ASSIGNED TASK »
Write out each line of the listing as it stands, without the images.

++++ DATA PROVIDED

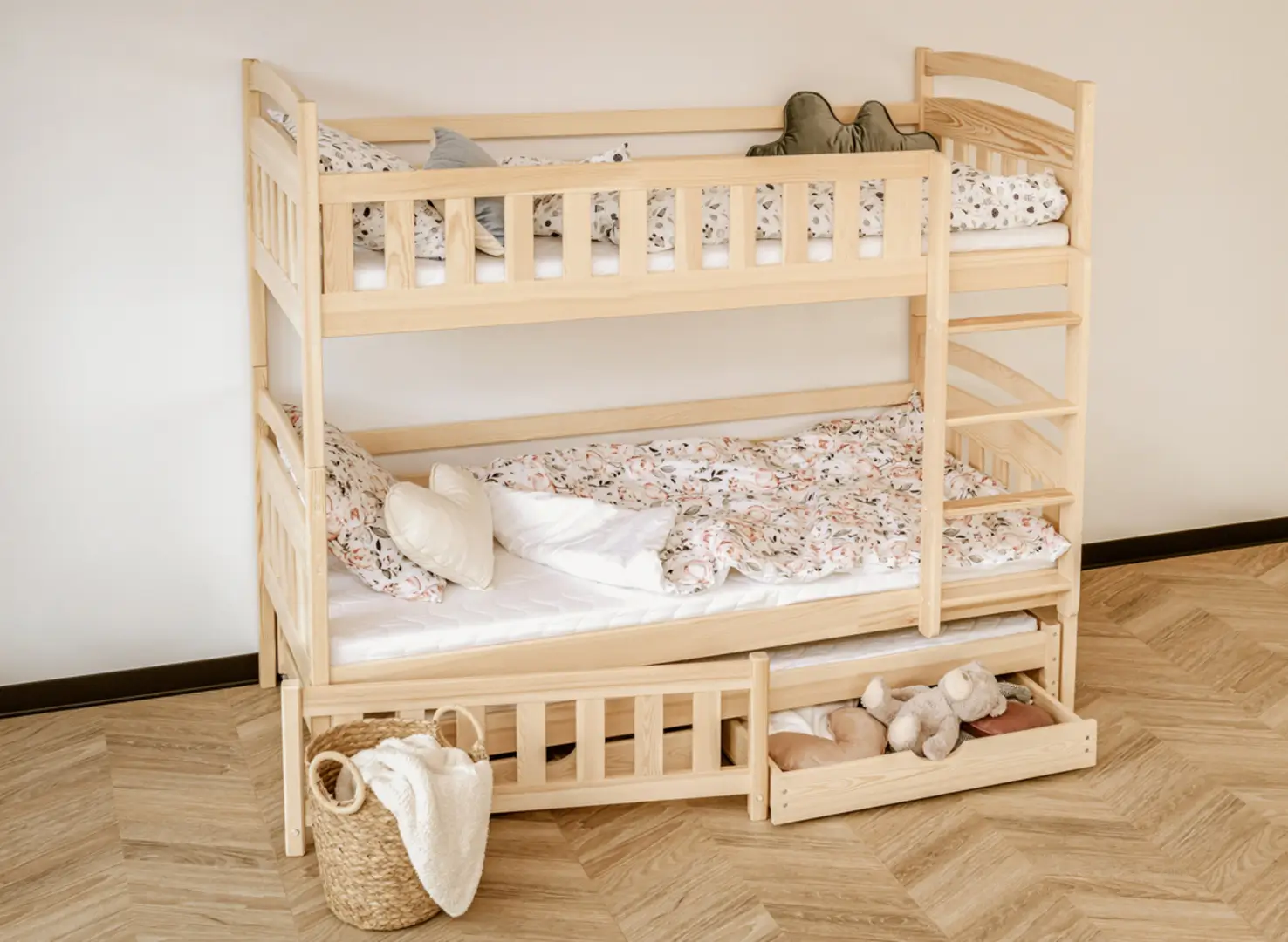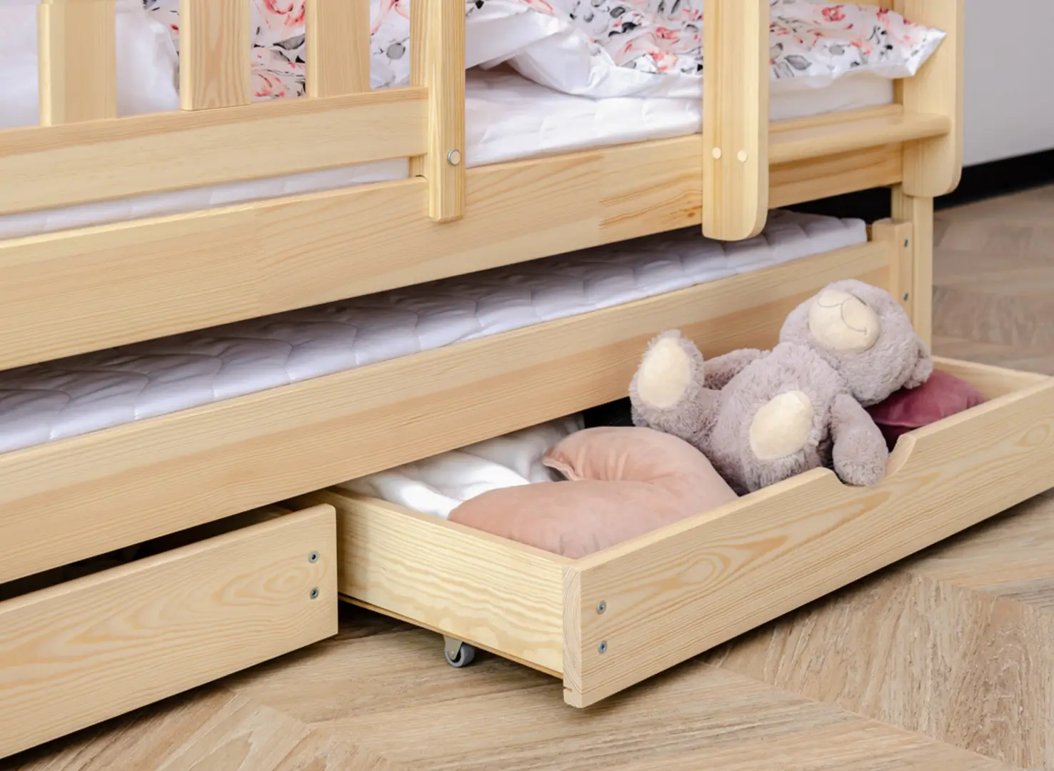 Na dně třílůžkové patrové postele BLANKA mohou být výsuvné zásuvky, pokud se rozhodnete pro tuto variantu. Jejich prostorný interiér pojme mnoho věcí, které zbytečně zabírají místo v dětském pokoji, například dávno nepoužívané hračky nebo deky, které používáte jen v zimě. Další, výsuvná matrace dole se stane neocenitelnou pomocí, když vaše dítě pozve kamarády na nocování – zajistí pohodlí hostům, aniž byste museli sahat po nafukovacích matracích.
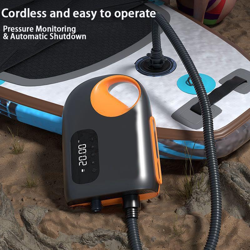 RGSGZCO - منفاخ اس يو بي كهربائية 20 رطل لكل بوصة مربعة مع بطارية 10000 مللي أمبير في الساعة، مضخة زورق 12 فولت تيار مستمر، مضخة هواء كهربائية مع إيقاف تلقائي وشاشة ال سي دي رقمية لألواح التجديف والكاياك
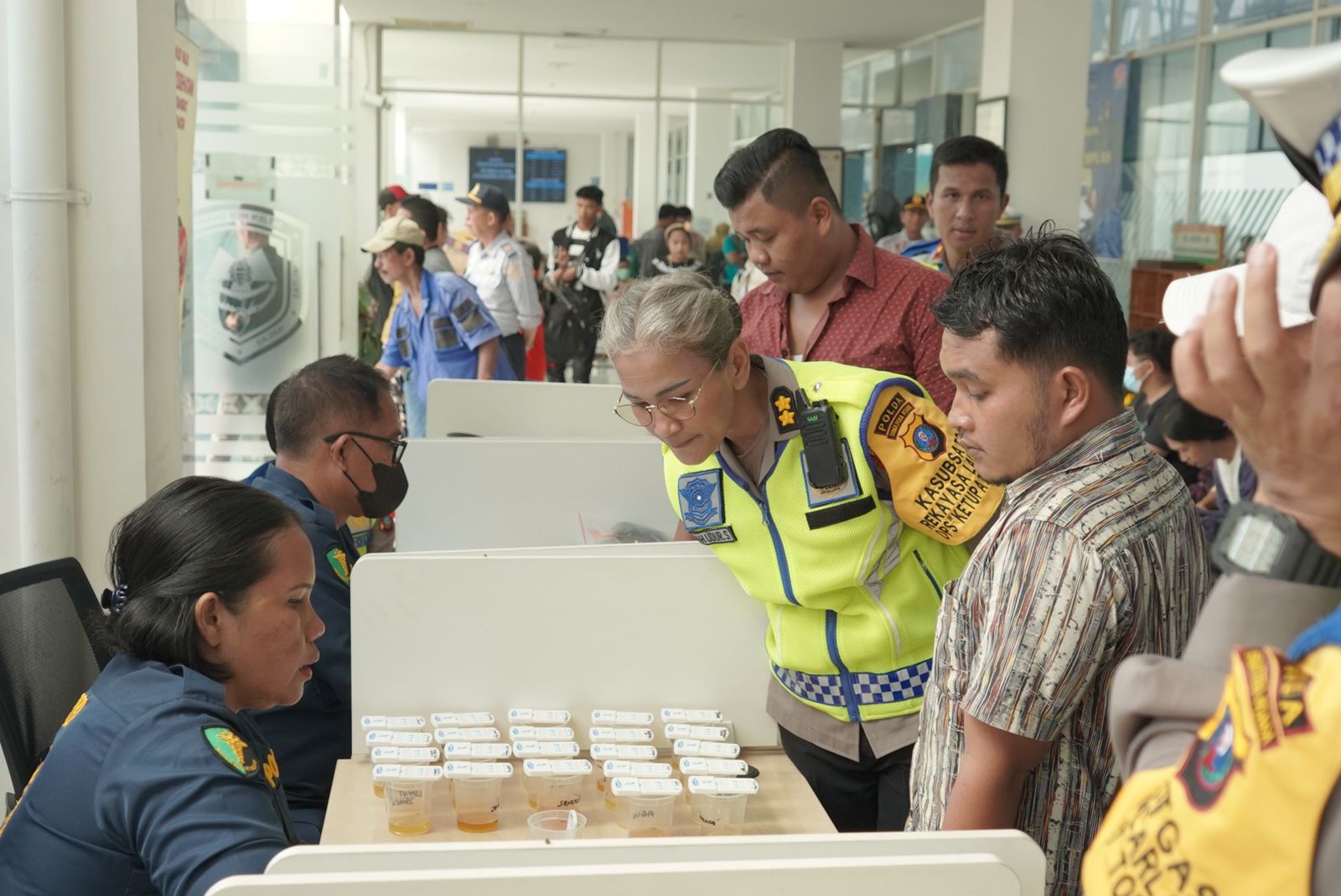 Polda Sumut melakukan test urine kepada para sopir AKDP dan AKAP.(ist)

++++++++

SOLVED PROBLEM »
 Na dně třílůžkové patrové postele BLANKA mohou být výsuvné zásuvky, pokud se rozhodnete pro tuto variantu. Jejich prostorný interiér pojme mnoho věcí, které zbytečně zabírají místo v dětském pokoji, například dávno nepoužívané hračky nebo deky, které používáte jen v zimě. Další, výsuvná matrace dole se stane neocenitelnou pomocí, když vaše dítě pozve kamarády na nocování – zajistí pohodlí hostům, aniž byste museli sahat po nafukovacích matracích.
 RGSGZCO - منفاخ اس يو بي كهربائية 20 رطل لكل بوصة مربعة مع بطارية 10000 مللي أمبير في الساعة، مضخة زورق 12 فولت تيار مستمر، مضخة هواء كهربائية مع إيقاف تلقائي وشاشة ال سي دي رقمية لألواح التجديف والكاياك
 Polda Sumut melakukan test urine kepada para sopir AKDP dan AKAP.(ist)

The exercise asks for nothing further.